Toczący się w Czarnogórze proces w sprawie spisku, który miał doprowadzić do objęcia władzy przez opozycję i wstrzymania integracji tego państwa z NATO, został w środę odroczony w następstwie wniosku obrony o wymianę prowadzącego sprawę prokuratora.

Sędzia Suzana Mugosa zarządziła przerwę w rozprawie do czasu, aż prokurator generalny zbada zasadność zastrzeżeń obrony wobec oskarżyciela i jego zespołu.

Czternastu oskarżonym, wśród których są dwaj przywódcy czarnogórskiej opozycji i dwaj sądzeni w trybie zaocznym Rosjanie, zarzuca się "utworzenie organizacji przestępczej". W przypadku obu Rosjan rozszerzono to jeszcze o terroryzm.

Procesowi towarzyszy w Czarnogórze znaczny rozgłos i jest on transmitowany na żywo przez tamtejszą państwową telewizję.

Według aktu oskarżenia spiskowcy planowali zajęcie w październiku ubiegłego roku parlamentu, zamordowanie ówczesnego premiera Milo Djukanovicia i zainstalowanie nowej prorosyjskiej władzy w celu udaremnienia wejścia Czarnogóry do NATO. Obaj Rosjanie - wydalony z Polski w 2014 roku wraz z grupą rosyjskich dyplomatów ówczesny attache wojskowy ambasady Rosji w Warszawie Eduard Szyszmakow vel Szyrokow oraz Władimir Popow - mieli jako agenci rosyjskich tajnych służb koordynować przeprowadzenie zamachu z terenu sąsiedniej Serbii.

Andrija Mandić, jeden z dwóch oskarżonych przywódców opozycyjnych, oświadczył w środę, że chodzi tutaj o "zainscenizowany proces polityczny". Obrona zarzuca specjalnemu prokuratorowi Milivoje Katniciowi i jego zespołowi upartyjnienie oraz wprowadzanie do procesu elementów zakłócających go.

Rosja, która jest zdecydowanie przeciwna ekspansji NATO w Europie, wielokrotnie zaprzeczała, jakoby uczestniczyła w przygotowaniach do zamachu stanu w Czarnogórze. Niemniej w otwarty sposób wspiera opozycyjne ugrupowania w tym kraju.

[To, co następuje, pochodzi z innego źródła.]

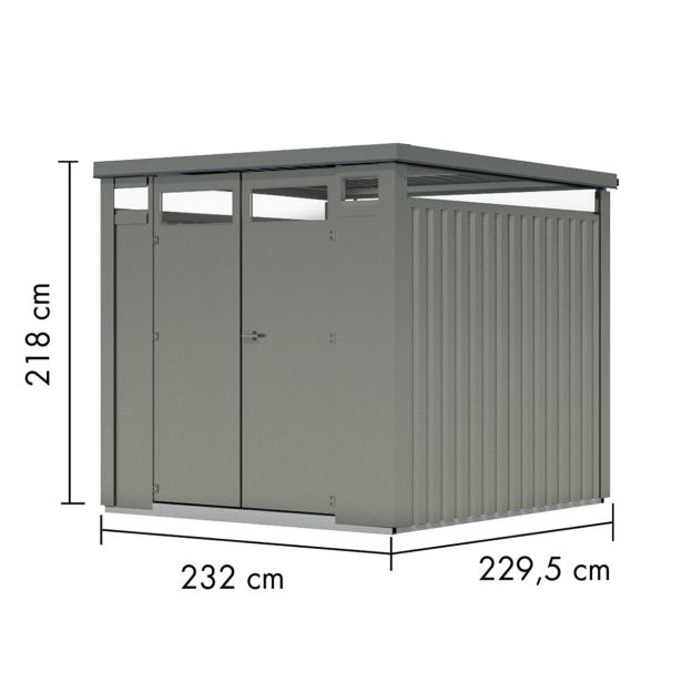 Kovinska vrtna hišica Karibu Osten 2 – modularna hišica – lopa za orodje – enokrilna streha – siva
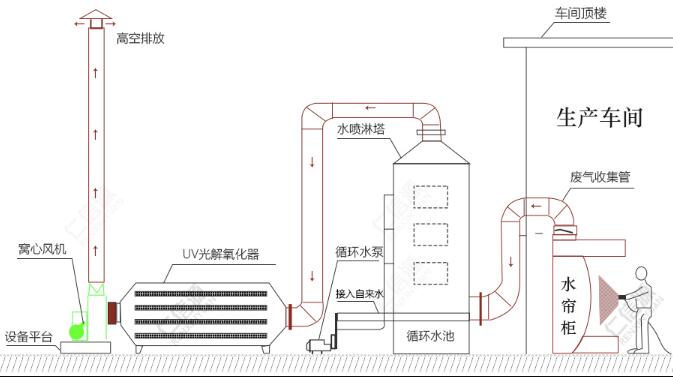 当废气进入到UV光氧催化器内部时,需通过较长的通过时间,需1.5S,经过紫外线的照射,使废气分子分解,发生化学反应,物质在紫外线照射下吸收光线当中携带的能量成激发态,从而发生—系列光化学反应,最终变成无害的低分子化合物,实现低污染排放。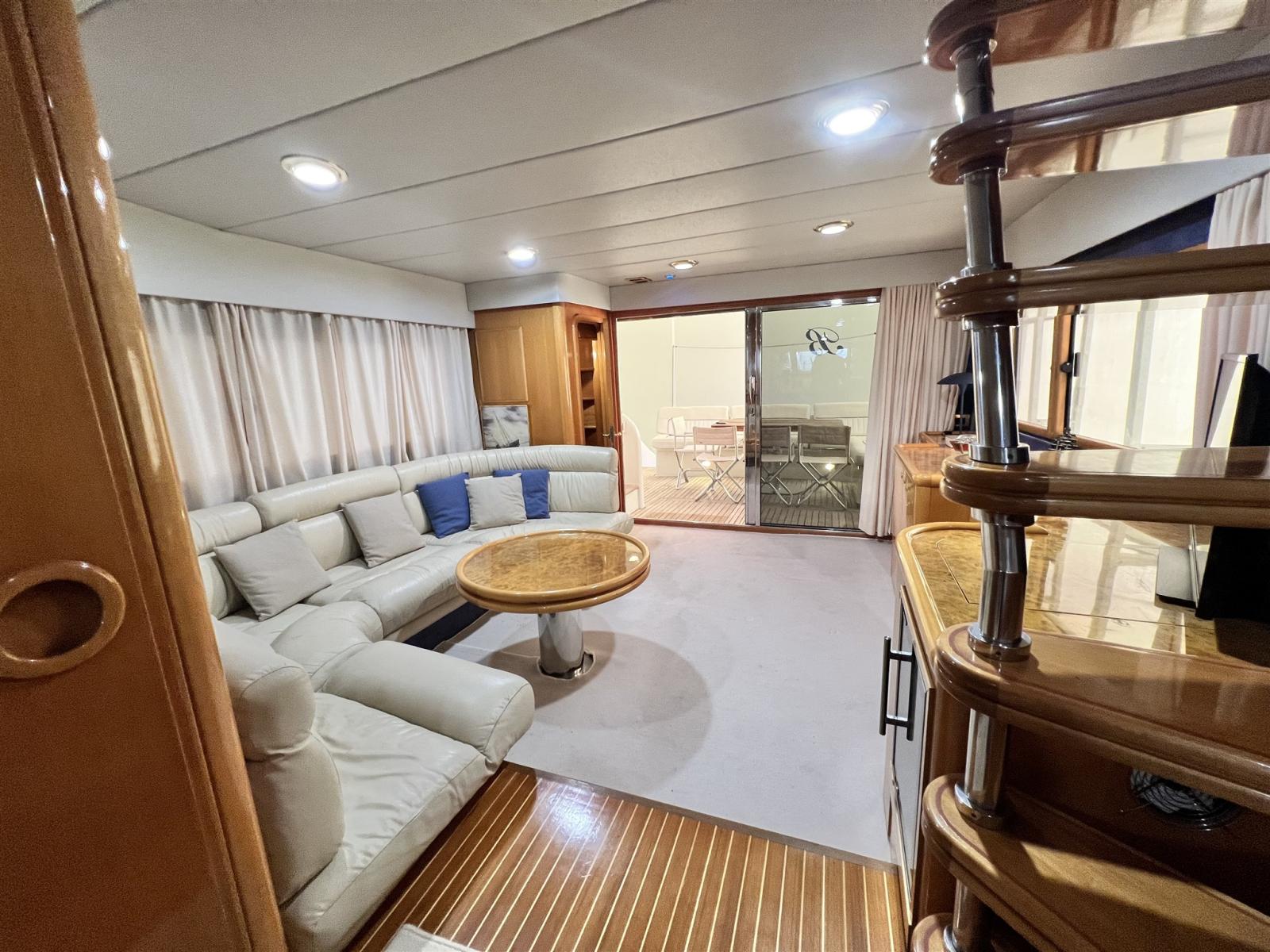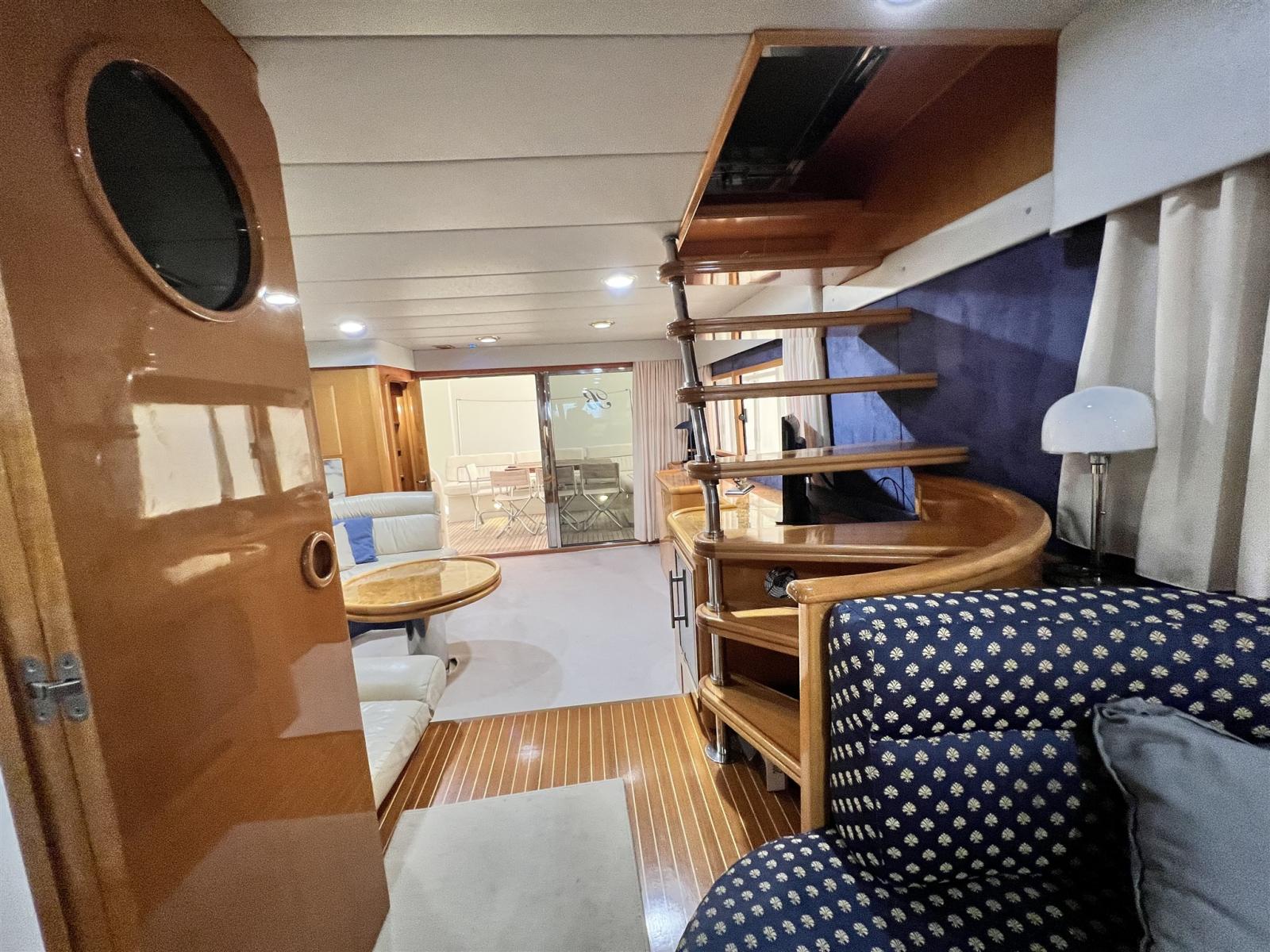 Allarme motore, 2 Asse di rispetto, Autoclave, Batterie (2022), Camminamenti laterali in teak, 2 Caricabatterie (2022), Doccia esterna, Elica di poppa - stern thruster (revisionata), Elica di prua - bow thruster (revisionata), Faro orientabile, Flap idraulici, Impianto antincendio, Indicatori Flaps (con impianto nuovo 2022), Luci di cortesia, Passerella (telescopica), Piattaforma, Pompa di sentina automatica, Pompa di sentina manuale, Pozzetto Teak, Presa 220V banchina, 2 Raddrizzatore (2022), Rollbar (con fari nuovi), Salpa Ancore Elettrico (revisionato con catena nuova), Scaletta da bagno, Tavolo pozzetto, Tender, 3 Winch.
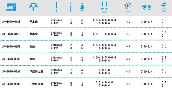 JK-8670小筒式繃縫機系列基本適合縫紉任何服飾,特別適用于女性T恤領頭蓋縫,嬰兒服,卷袖等縫制作業。小頭周長僅180mm。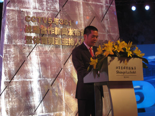 11月28日,CCTV5與361度(中國(guó))有限公司在北京香格里拉酒店舉行了隆重的簽約儀式。2009年1月1日起,CCTV5所有主持人及出鏡記者都將穿著361度公司提供的服裝。作為中國(guó)創(chuàng)辦最早、規(guī)模最大、擁有世界眾多頂級(jí)賽事中國(guó)大陸地區(qū)獨(dú)家報(bào)道權(quán)的專業(yè)體育頻道,中央電視臺(tái)體育頻道與361度公司共同攜手,以全新形象展現(xiàn)在世界面前。中央電視臺(tái)體育頻道總監(jiān)江和平和361度(中國(guó))有限公司總裁丁伍號(hào)先生共同出席了新聞發(fā)布會(huì)。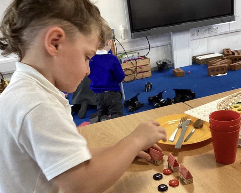 We have been sorting all sorts of things-houses,cutlery,bricks and our favourite gems and buttons.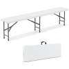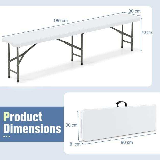 ● Versatile Usage: This 6 ft extra-long folding bench seats up to 4, which is for a wide range of occasions, such as picnic, camping, poolside and competitions. Overall dimension: 71" x 12" x 17" (L x W x H). Folding dimension: 35.5" x 12" x 3" (L x W x Thickness).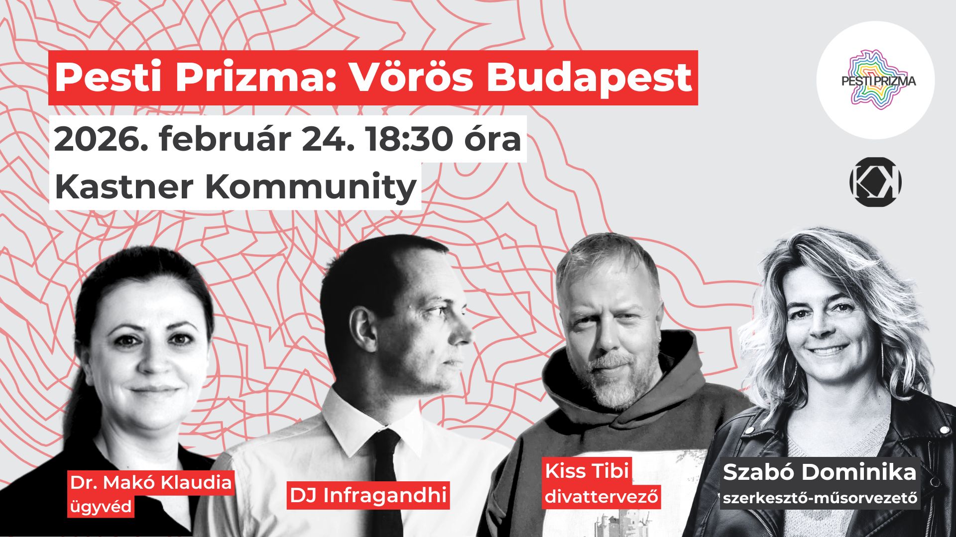 A beszélgetésben szakmailag megalapozott, árnyalt módon kerül szóba a szexmunka jogi és társadalmi háttere, különös tekintettel Budapest és Magyarország jelenlegi kontextusára. Arról beszélgetünk, mit jelent ma jogilag, társadalmilag és emberileg a szexmunka, milyen ellentmondások és kockázatok vannak a szabályozásban, és hogyan hat mindez nagyon is konkrét városi terekre és emberi életekre. Célunk a tabuk lebontása és annak megmutatása, hogy a jog nem elvont rendszer, hanem mindennapi valóság. - Kiss Tibi – divattervező, a Je Suis Belle és az Amore divatmárkák alapító-tervezője.A kortárs divatról mint kulturális és társadalmi nyelvről beszélgetünk: felelősségről, érzékenységről, testképről és identitásról. Arról, hogyan válik a divat túl az esztétikán – és hogyan szövődik bele Budapest kulturális szövetébe.

Senat USA zaaprobował 28 marca miażdżącą przewagą głosów 97 "za" do 2 "przeciw" przyjęcie Czarnogóry do NATO wskazując tym samym, że Waszyngton będzie się przeciwstawiać staraniom Moskwy o zwiększenie jej wpływów w Europie. 11 kwietnia prezydent USA Donald Trump podpisał ratyfikację zmian w traktacie waszyngtońskim umożliwiających członkostwo Czarnogóry w NATO.

Aby Czarnogóra, była republika Jugosławii, weszła jako pełnoprawny członek do Sojuszu Północnoatlantyckiego, zmiany w traktacie waszyngtońskim musiały być ratyfikowane przez wszystkie państwa członkowskie NATO. Jako ostatnia uczyniła to 10 maja Hiszpania.

28 kwietnia parlament Czarnogóry ratyfikował traktat akcesyjny i 5 czerwca kraj ten stał się oficjalnie 29. państwem członkowskim NATO.